Oracle hat in diesem Jahr bereits ein halbes Dutzend Software-Firmen geschluckt. Im Januar übernahm Oracle den großen Konkurrenten Peoplesoft für 10,3 Milliarden Dollar und später die auf den Einzelhandel spezialisierte Software-Firma Retek für 631 Millionen Dollar. Bei Retek hatte Oracle den Rivalen SAP in einer Übernahmeschlacht ausgebootet. Mit der zunehmenden Betonung von Anwendungs-Software will Ellison die starke Abhängigkeit vom Datenbankengeschäft vermindern. Dort ist Oracle unumstritten weltweiter Marktführer.
Der Walldorfer Software-Konzern SAP gab sich von der Übernahme nicht überrascht. "Wir haben damit gerechnet“, sagte SAP-Sprecher Herbert Heitmann. Der Kauf sei im Sinne von Oracles Akquisitionsstrategie konsequent. "Genauso konsequent ist es, dass wir unsere Kunden nicht kaufen, sondern gut bedienen“, sagte er. Auch die neue Übernahme sei kein Grund, von dieser Strategie abzuweichen. Oracle habe noch einen langen Weg vor sich, wenn es so groß wie SAP werden wolle. Der US-Konkurrent habe im vergangenen Quartal nicht an organischem Wachstum zugelegt. "Die Kunden gehen nicht freiwillig dahin“, sagte er. Sie würden durch Aufkäufe gezwungen. Zudem habe SAP im Bereich der CRM-Software so aufgeholt, das es inzwischen ein Vielfaches des Siebel-Umsatzes mache.

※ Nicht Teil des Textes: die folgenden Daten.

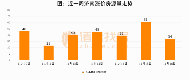 根据诸葛找房数据显示,济南24小时涨价房源量为34套,较11月15日减少27套,环比下降44.3%。与此同时,涨价房源占比小幅回落,对于购房者来说是一个入市窗口期,购房者可抓住时机入市。
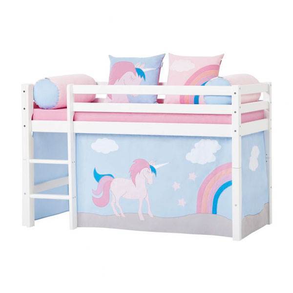 Forhæng til halvhøj- og køjeseng, Unicorn De håndsyede forhæng skaber en magisk og eventyrlig verden lige midt i børneværelset. Når forhænget monteres på sengen, er det ikke længere en seng, men i stedet et rumskib, et eventyrslot, en tidsmaskine eller no
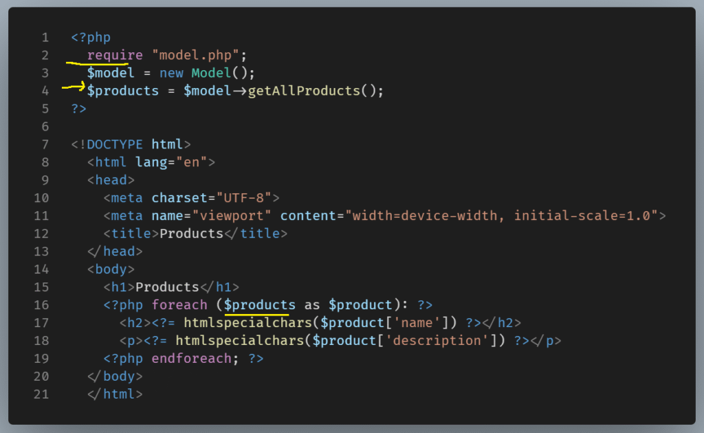 We’ve separated the PHP script into a model, view, and controller.
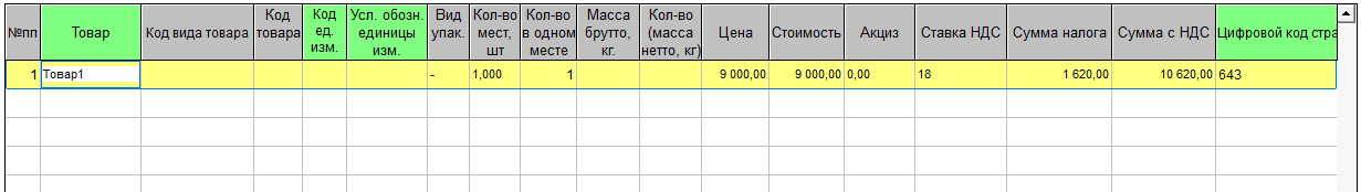 Товар будет добавлен, автоматически посчитаются налог и сумма с налогом.
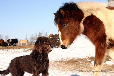 Picola est la fille de Selka et Pirate. Cadette de la cuvée 2009, elle est aussi la plus petite par la taille (elle a rattrapé Pimbina et elles font maintenant la course aux centimètres). Même si Baabul est de trois mois son cadet - ce qui fait une énorme différence quand on est un poulain - question centimètres, il la domine largement. Mais Picola a trouvé la parade... Vous trouverez ci-dessous, un épisode illustré de leurs amours enfantines et tumulteuses...
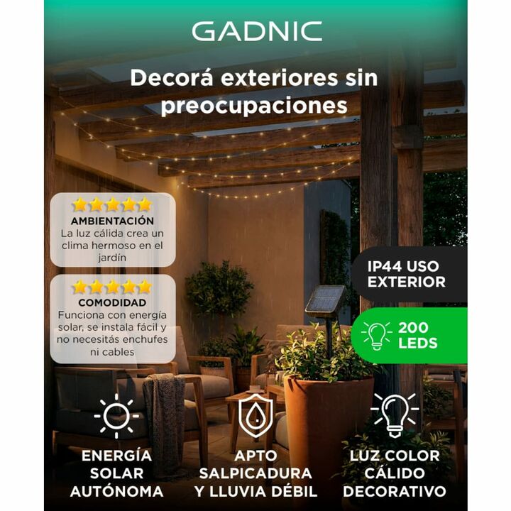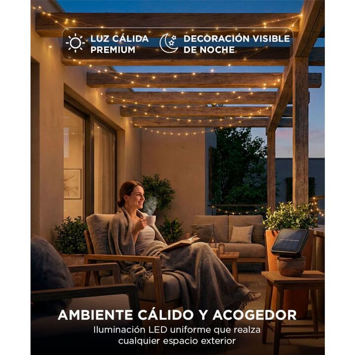 Iluminación exterior sin cables ni consumo eléctrico: La Guirnalda de Luces LED Solar de 20 metros funciona con energía solar, permitiendo decorar jardines, balcones o patios sin necesidad de enchufes ni instalaciones eléctricas. Apta para uso exterior real todo el año: Gracias a su protección IP44,...

Oracle werde durch den Siebel-Kauf auf einen Schlag weltgrößte CRM-Anwendungs-Softwarefirma, betonte hingegen Ellison. Mit CRM-Software überwachen Gesellschaften die Beziehungen zu ihren Kunden. Damit stärke Oracle seine Spitzenposition bei Anwendungs-Software in Nordamerika und komme näher an die globale Position Nummer eins heran, erklärte Ellison.
Siebel befindet sich in den roten Zahlen und hat in seinem Software-Bereich die Führungsposition in diesem Jahr an SAP verloren. SAP bleibt im gesamten Anwendungs-Software-Bereich für Unternehmen weltweiter Branchenführer vor Oracle.
Siebel hat eigenen Angaben zufolge rund 4.000 CRM-Anwenderfirmen und 3,4 Millionen Nutzer in aller Welt. Der CRM-Markt sei der am schnellsten wachsenden Anwendungs-Software-Bereich. Siebel-Chef und Gründer Thomas M. Siebel sprach von einer sehr vorteilhaften Geschäftskombination und hob die Entwicklungskapazitäten von Oracle hervor. Er will für die Transaktion stimmen. Die Siebel-Aktionäre müssen die Übernahme noch genehmigen. Sie soll Anfang 2006 vollzogen werden. Die Wettbewerbsbehörden dürften den Kauf genau unter die Lupe nehmen.